The University of Michigan has released its final December reading on consumer sentiment. Its Index of Consumer Sentiment was revised to 92.6. Bloomberg and Dow Jones were both calling for a consensus reading of 92.0, and the final reading in November was 91.8.
What stands out about this final December report is that the sentiment reading is bolstered handily by the current picture rather than by the expected outlook ahead.
The Index of Consumer Expectations was more or less flat sequentially at 82.7, down just 0.2 points from the November reading, but down handily from the 86.4 reading from December 2014.
It was the Current Economic Conditions component that kept the report up. This rose to 108.1 in December. The Current Index was down at 104.3 in November, and it was 104.8 in December of 2014.
Apparently the consumer sentiment survey pool just keeps hanging on to the lesson learned of close to 3.0% inflation through time. The five-year and one-year inflation forecasts were for inflation to be about 2.6%. That is far higher than it has been, and the Fed has been hopeful for the return of 2.0% to 2.5% in inflation.
Economists and investors will have received a larger formal note than normal. That is likely due to it being the last report of 2015. The University of Michigan’s survey of consumers said:
Consumer confidence rose to its highest level since July, with the December reading nearly equal to the 2015 average of 92.9 — which was the highest since 2004. Importantly, all of the improvement was in how consumers evaluated current economic conditions. The December gain was largely due to lower inflation, which bolstered real incomes and brightened buying plans for household durables. Indeed, there have been only three surveys in more than the past half century in which a higher proportion mentioned the availability of price discounts for durables. Overall, the data point toward gains of 2.8% in real personal consumption expenditures during 2016.
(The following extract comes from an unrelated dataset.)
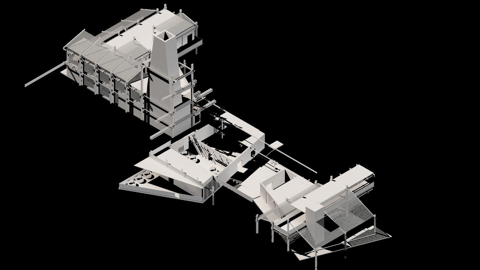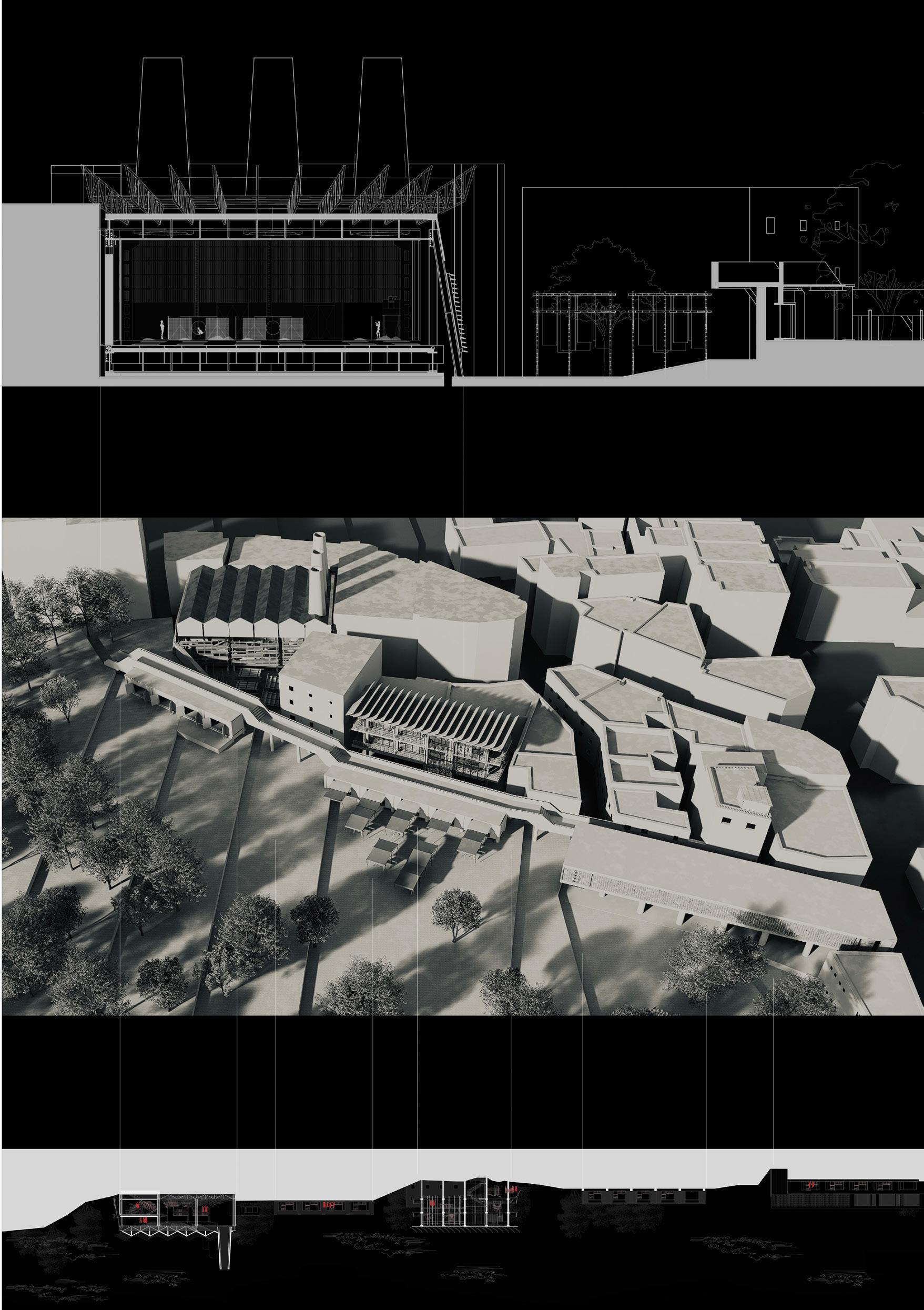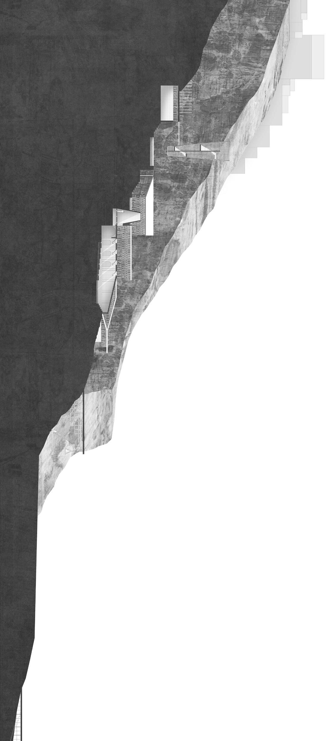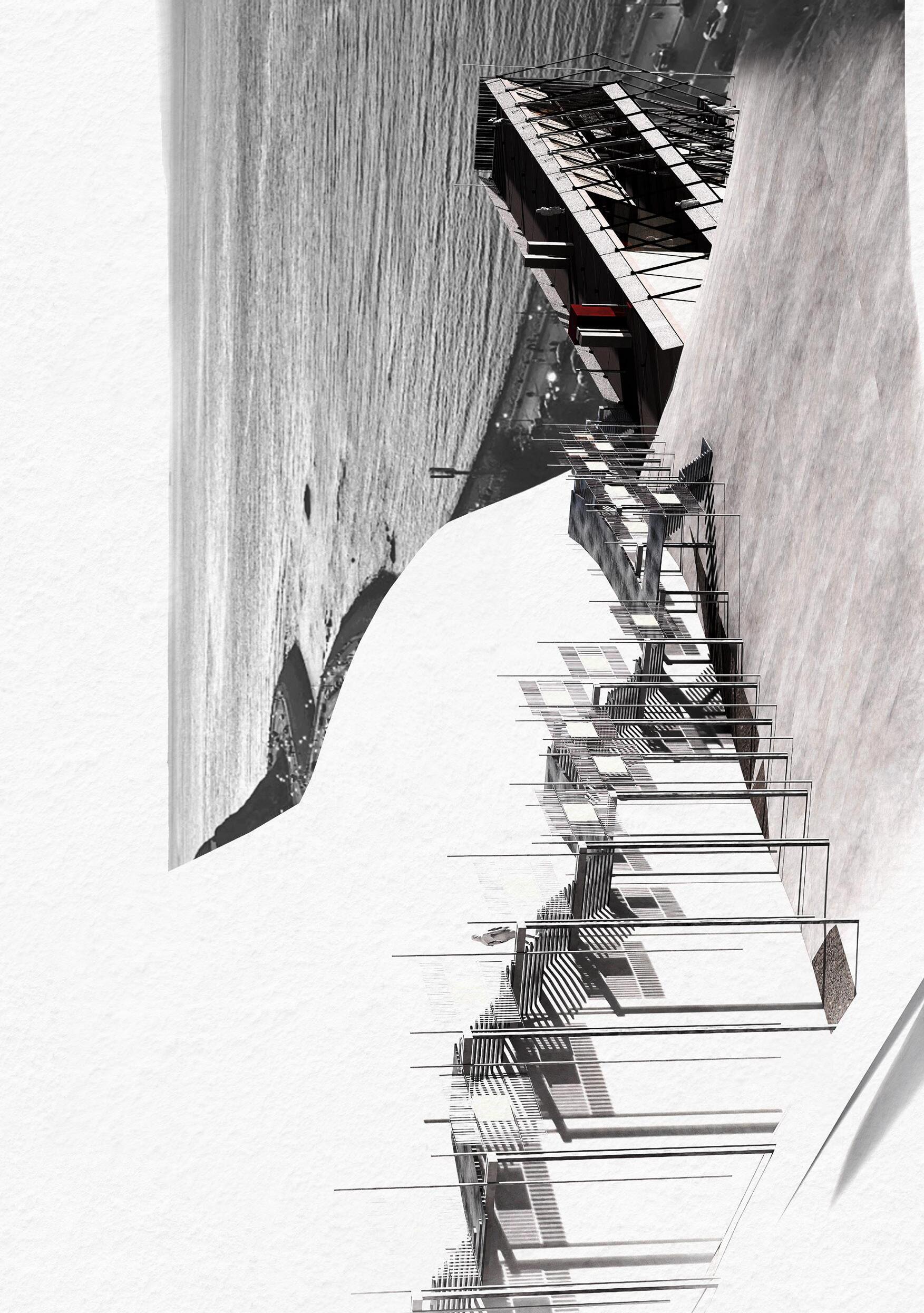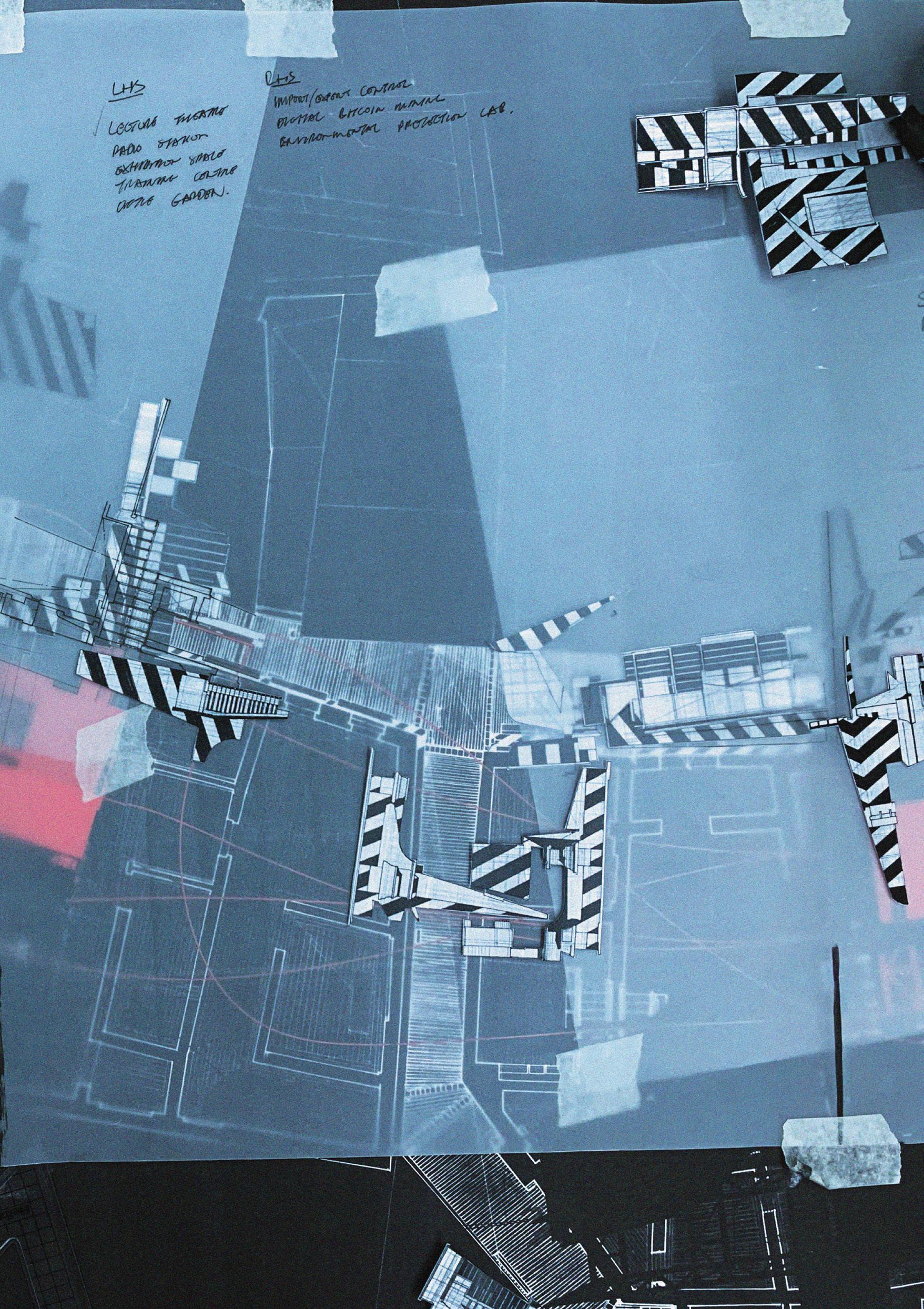 A manipulated legal framework provides an opportunity to reclaim territory in a move against the zeitgeist. This series of chance operations becomes a form of cut-ups that projects back onto itself simultaneously. Opportunistic architectural interventions cloak themselves in the historic narratives present in the Petit Socco, addressing various issues ; corruption is tackled through a digital stock market, censorship is combatted within a free-press publishing house, pollution monitored from a hydrological laboratory, and surveillance obviated through a telecommunications hub.Host and guest switch roles with increasing acceleration, the parasitic visitor corrupting the former only then to be corrupted themselves. Hidden in plain sight, the architectures play with their histories, revealing and concealing certain aspects via a series of exposed seams. Collectively, they form the Interzone.

Just as consumer optimism became dependent on very low inflation, the Fed has begun to take steps to accommodate a higher inflation rate. Since wages are never first to incorporate inflationary adjustments, consumers will make their purchases even more contingent on low prices. Moreover, given the weakness in the global economy and the strong dollar, discounting will continue unabated. As a result, the Fed policies will need to be much stronger to overcome the disinflationary psychology of consumers.